PROVIDED MATERIAL =
[Start of Attachment]

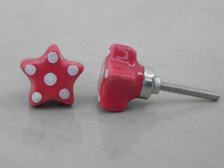 Red Star White Polka Ceramic Wardrobe Knob
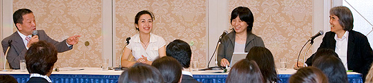 この文科会では、講師としてジャパンエリアマネジメント代表取締役の西本千尋さん、ワイズスタッフ代表取締役の田澤由利さん、飛騨産業社長の岡田贊三さん、ファシリテーターとして、元ニューズウィーク誌編集主幹で、現フリージャーナリストの藤田正美さんを迎えました。
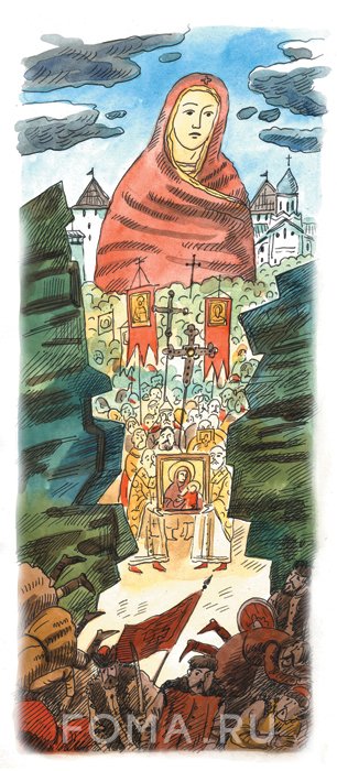 Сила духа и христианская вера псковичей могли творить чудеса. Однажды польский король Баторий осадил Псков. Когда он подошел к его стенам, то в восхищении сказал: «Кроме Парижа ничего подобного я не видел по размеру и красоте. Дай нам Бог взять этот город». Жители Пскова храбро защищались, но наконец истощились у них последние силы. И тогда они решили устроить крестный ход с иконой Богородицы по улице, которая вела к городской стене, на которую с особой яростью нападали враги. Они не знали, что поляки тайком прокопали к этой стене подземный ход и заложили под неё порох. В тот самый момент, когда крестный ход почти вышел к самой стене, раздался страшный взрыв, стену разметало, и польские солдаты с криками ворвались в город. Но столкнулись они не с воинами, а с крестным ходом, впереди которого несли икону Богородицы. И вдруг увидели, что это не икона, а сама Богородица явилась перед ними и требует, чтобы они убрались прочь из города. И хотя силы были неравные, поляки развернулись и в панике побежали прочь. Больше они Псков не штурмовали. Пытались взять город измором, но идти на его штурм отказывались, говоря, что Богородица им этого не велит.

[End of Attachment]

EXERCISE DIRECTIONS =
Copy out all the data above exactly, pictures excluded.

EXERCISE OUTPUT =
 Red Star White Polka Ceramic Wardrobe Knob
 この文科会では、講師としてジャパンエリアマネジメント代表取締役の西本千尋さん、ワイズスタッフ代表取締役の田澤由利さん、飛騨産業社長の岡田贊三さん、ファシリテーターとして、元ニューズウィーク誌編集主幹で、現フリージャーナリストの藤田正美さんを迎えました。
 Сила духа и христианская вера псковичей могли творить чудеса. Однажды польский король Баторий осадил Псков. Когда он подошел к его стенам, то в восхищении сказал: «Кроме Парижа ничего подобного я не видел по размеру и красоте. Дай нам Бог взять этот город». Жители Пскова храбро защищались, но наконец истощились у них последние силы. И тогда они решили устроить крестный ход с иконой Богородицы по улице, которая вела к городской стене, на которую с особой яростью нападали враги. Они не знали, что поляки тайком прокопали к этой стене подземный ход и заложили под неё порох. В тот самый момент, когда крестный ход почти вышел к самой стене, раздался страшный взрыв, стену разметало, и польские солдаты с криками ворвались в город. Но столкнулись они не с воинами, а с крестным ходом, впереди которого несли икону Богородицы. И вдруг увидели, что это не икона, а сама Богородица явилась перед ними и требует, чтобы они убрались прочь из города. И хотя силы были неравные, поляки развернулись и в панике побежали прочь. Больше они Псков не штурмовали. Пытались взять город измором, но идти на его штурм отказывались, говоря, что Богородица им этого не велит.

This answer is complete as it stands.